*Extracted material*

————

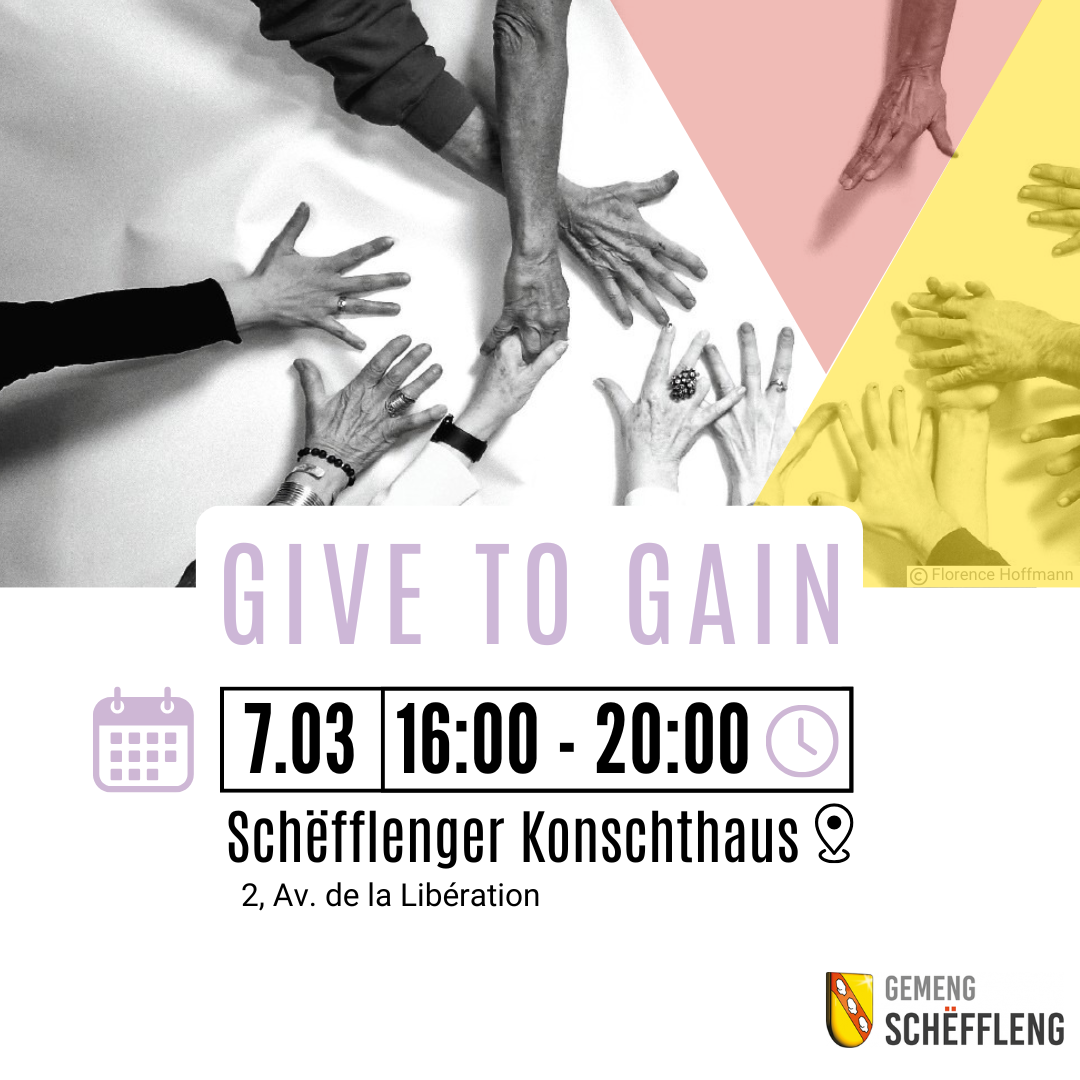 Ënnert dem Motto “Give to Gain” – Giving time, stories and creativity to gain visibility, connection, and change – erwaart Iech e liewege Programm mat Konscht, Diskussiounen an Ateliere fir Grouss a Kleng.
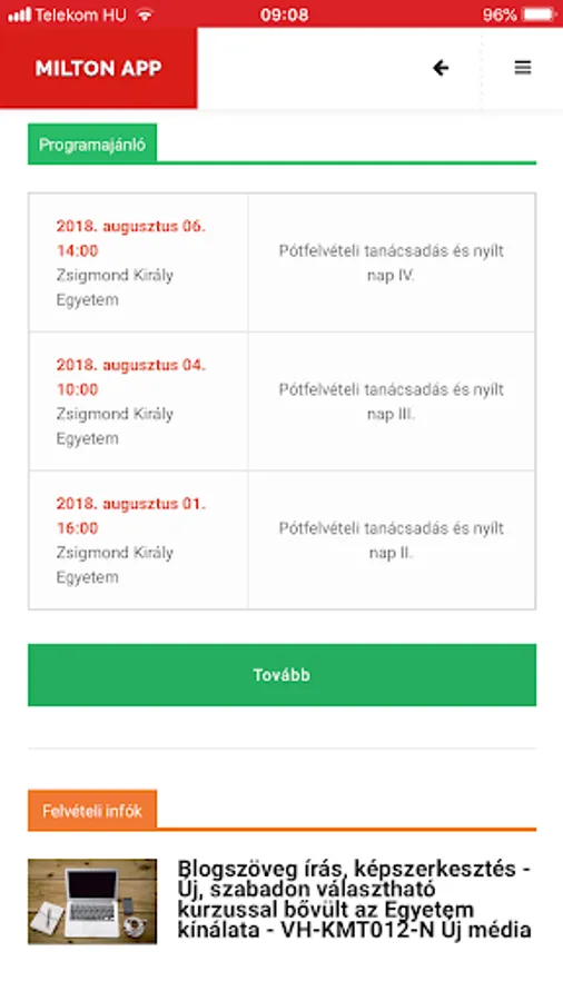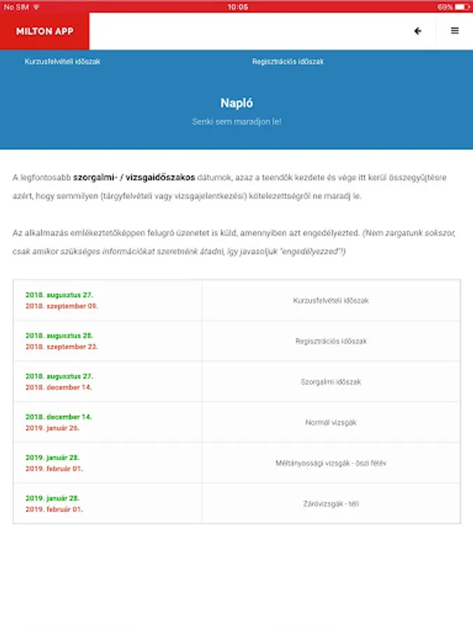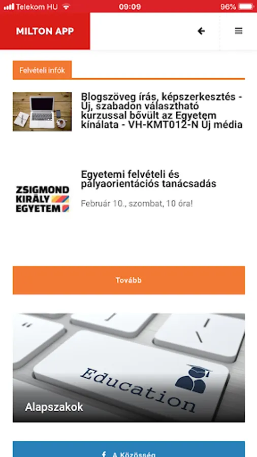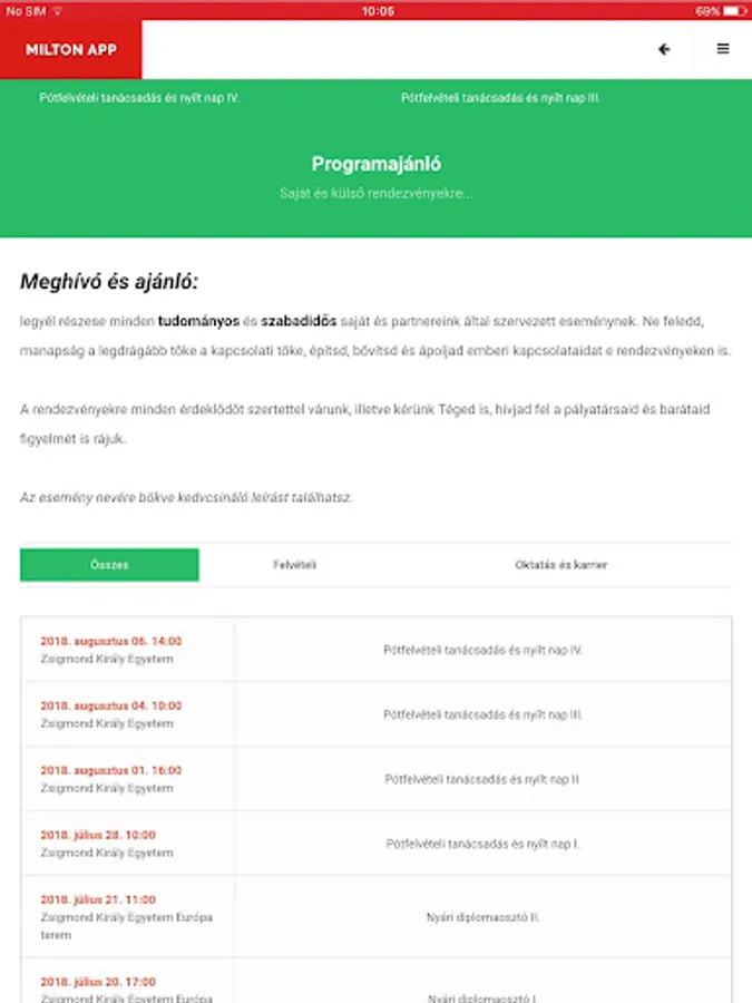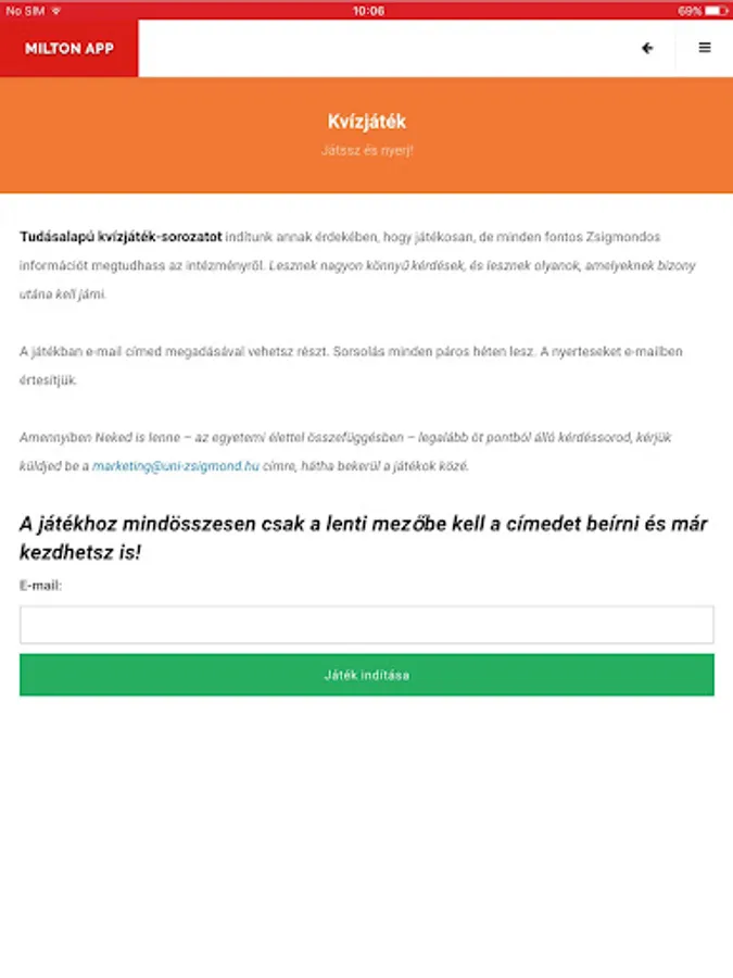 In addition to the previous functions, "Where can I find it? - Floor Plan ", from the" Administration "menu you can immediately access the official facili- tations for the study and of course there is a knowledge-based quiz game that you can use to build Milton's relics. The essence of the "Important Topics FAQ" is to keep you in touch with the most important information that is right for you.
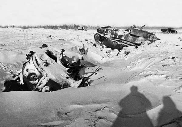 Еще два Т-28, уничтоженные финской артиллерией в районе высоты 65,5. Как и предыдущее фото, снимок сделан после прорыва «линии Маннергейма» в феврале 1940 года (АСКМ).
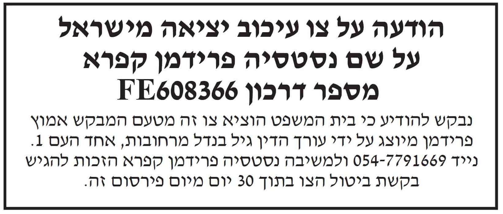 מודעות צו עיכוב יציאה מהארץ לדוגמה
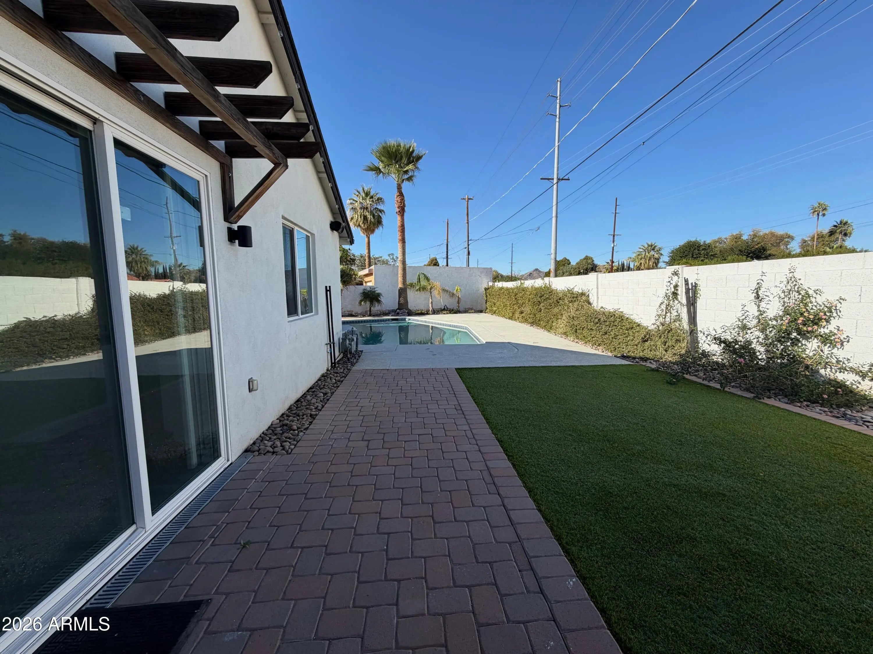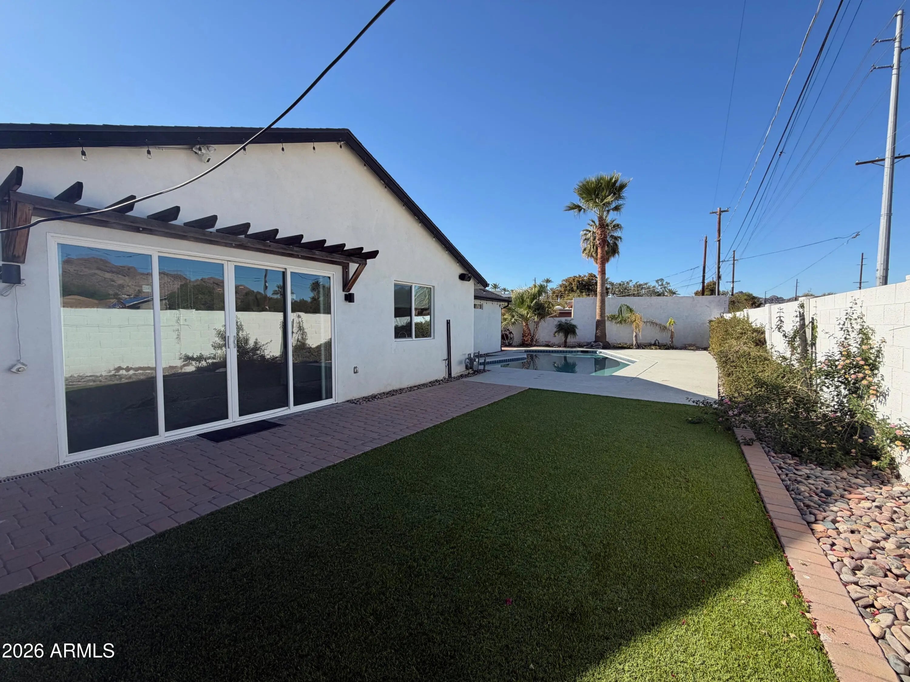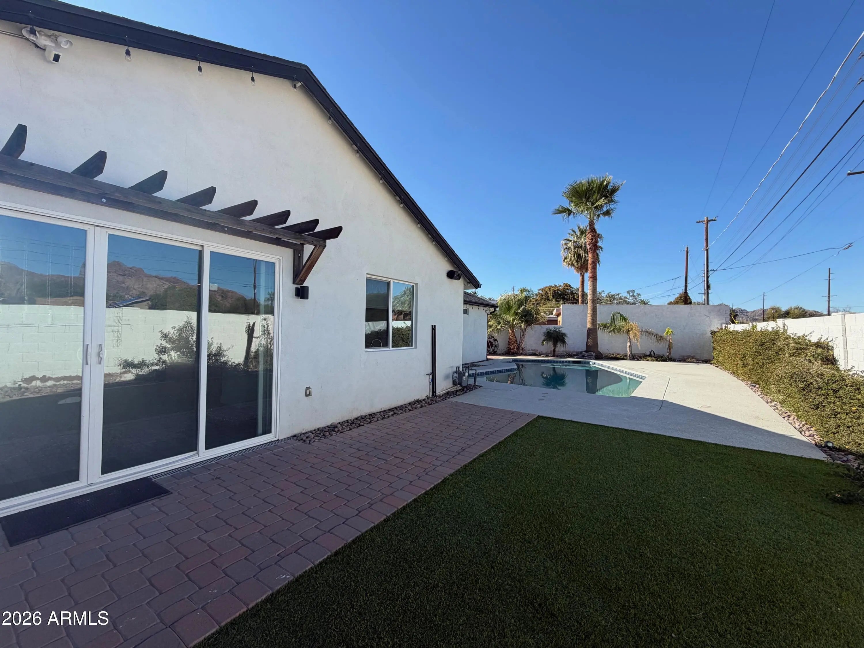 Welcome to this stunning 3 bedroom plus an enclosed office , 2.5 bathroom ranch-style fully remodeled home in the heart of Arcadia. The open concept living space flows seamlessly to the backyard, where you'll be greeted by breathtaking views of Camelback Mountain. The kitchen includes white shaker cabinets, SS appliances & a luxury 36in Empava gas range. With sleek quartz countertops, a grand island with a breakfast bar & a built-in 50 bottle wine fridge, this kitchen is perfect for entertaining. The backyard has artificial turf, a sparkling pool, & access to the Arizona Canal. The large primary bedroom features a spacious ensuite with a double vanity sink, a modern walk-in shower and a walk-in closet. Electric vehicle charger in garage, pool and landscaping included.

————

*What to work on*
Would you write out an exact copy of the entries above, with no images?

*Written response*
 Ënnert dem Motto “Give to Gain” – Giving time, stories and creativity to gain visibility, connection, and change – erwaart Iech e liewege Programm mat Konscht, Diskussiounen an Ateliere fir Grouss a Kleng.
 In addition to the previous functions, "Where can I find it? - Floor Plan ", from the" Administration "menu you can immediately access the official facili- tations for the study and of course there is a knowledge-based quiz game that you can use to build Milton's relics. The essence of the "Important Topics FAQ" is to keep you in touch with the most important information that is right for you.
 Еще два Т-28, уничтоженные финской артиллерией в районе высоты 65,5. Как и предыдущее фото, снимок сделан после прорыва «линии Маннергейма» в феврале 1940 года (АСКМ).
 מודעות צו עיכוב יציאה מהארץ לדוגמה
 Welcome to this stunning 3 bedroom plus an enclosed office , 2.5 bathroom ranch-style fully remodeled home in the heart of Arcadia. The open concept living space flows seamlessly to the backyard, where you'll be greeted by breathtaking views of Camelback Mountain. The kitchen includes white shaker cabinets, SS appliances & a luxury 36in Empava gas range. With sleek quartz countertops, a grand island with a breakfast bar & a built-in 50 bottle wine fridge, this kitchen is perfect for entertaining. The backyard has artificial turf, a sparkling pool, & access to the Arizona Canal. The large primary bedroom features a spacious ensuite with a double vanity sink, a modern walk-in shower and a walk-in closet. Electric vehicle charger in garage, pool and landscaping included.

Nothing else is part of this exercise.